The scenario can be quickly proven in the lab.  Disk.SchedNumReqOutstanding is configured for the default value of 32 active IOs.  Using resxtop, I see my three VMs cranking out IO with IOMETER.  Each VM is configured with IOMETER to create 32 active IOs.  If what I’m being told by the challenge is true, I should be seeing 96 active IO being generated to the LUN from the combined activity of the three VMs.

Snagit Capture

But that’s not what’s happening.  Instead what I see is approximately 32 ACTV (active) IOs on the LUN, with another 67 IOs waiting in queue (by the way, ESXTOP statistic definitions can be found here).  In my opinion, the Scalable Storage Performance whitepaper most accurately and best defines the behavior of the Disk.SchedNumReqOutstanding value.

Snagit Capture

Now going back to the possibility of the Disk.SchedNumReqOutstanding stacking, LUN utilization could get out of hand rapidly with 10, 15, 20, 25 VMs per LUN.  We’d quickly exceed the max supported value of Disk.SchedNumReqOutstanding (and all HBAs I’m aware of) which is 256.  HBA ports themselves typically support a few thousand IOPS.  Stacking the queue depths for each VM could quickly saturate an HBA meaning we’d get a lot less mileage out of those ports as well.

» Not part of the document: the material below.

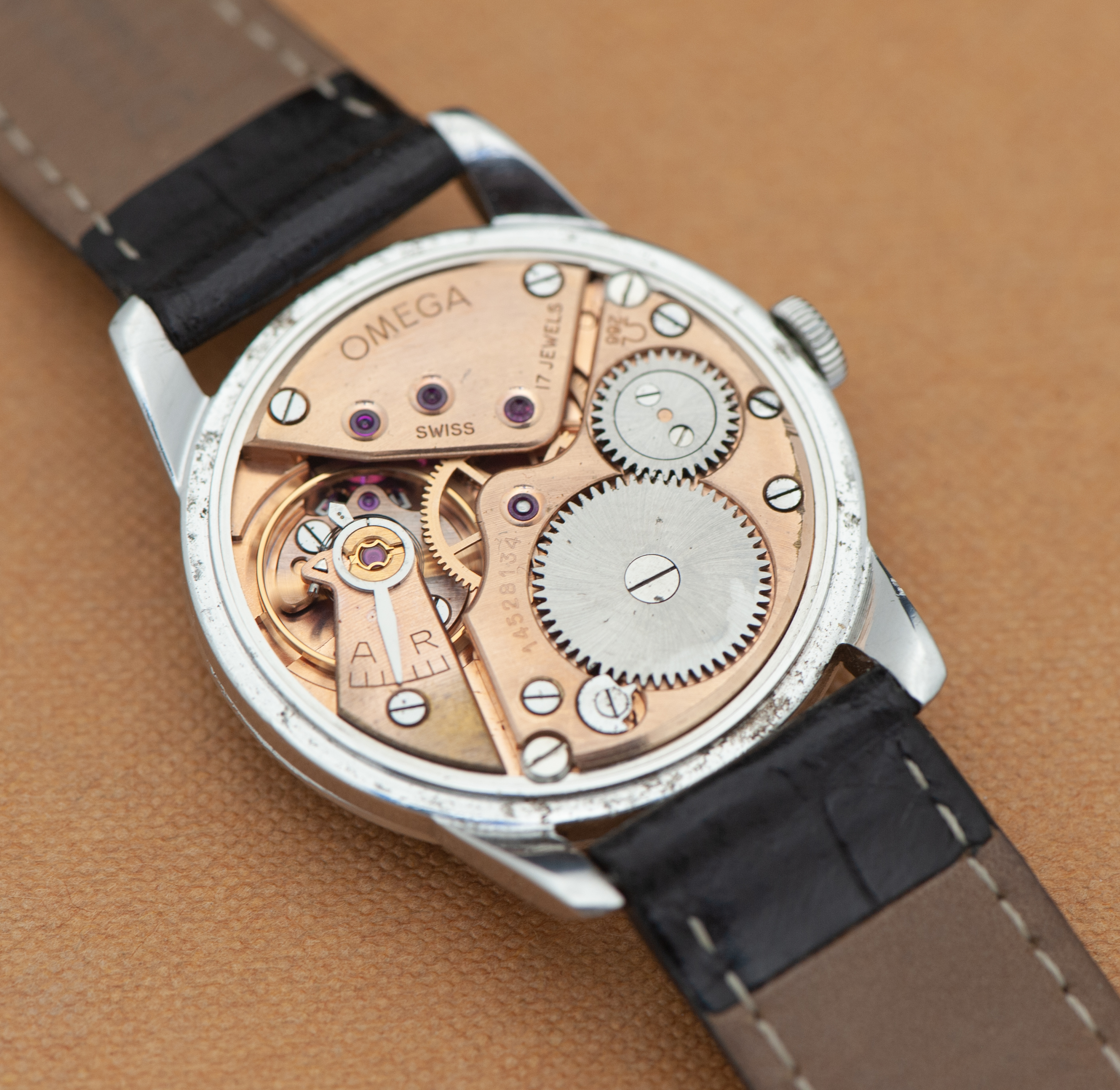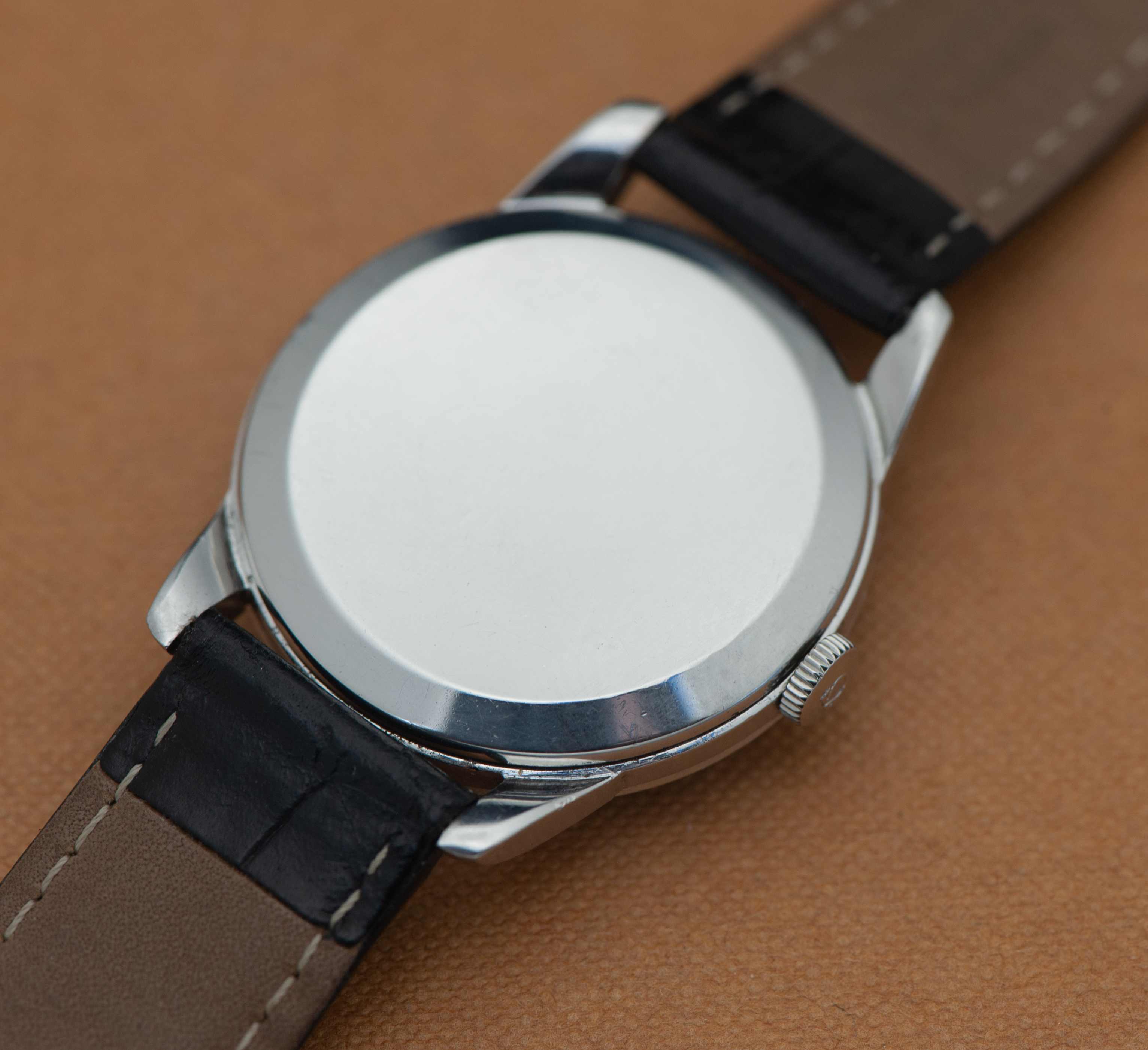 This example is in very good condition. To the best of my knowledge and experience, the case looks like it has not been polished. There are a few light scratches and dings showing under magnification, which can been seen in the photos. The black dial is original and in excellent condition. The hands and markers are in rose gold and in excellent condition. The movement is a cal. 266 and is also in excellent running condition. Watch is working correctly, but has not been serviced or timed recently. I would recommend having it serviced if the plan is to wear the watch regularly.

While having a queue depth discussion, it’s also worth noting the %USD value is at 100% and LOAD is approximately 3.  The LOAD statistic corroborates the 3:1 ratio of total IO:queue depth and both figures paint the picture of an oversubscribed LUN from an IO standpoint.

In conclusion, I’d like to see VMware modify the wording in their documentation to provide better understanding leaving nothing open to interpretation.

Update 6/23/11:  Duncan Epping at Yellow Bricks responded with a great followup Disk.SchedNumReqOutstanding the story.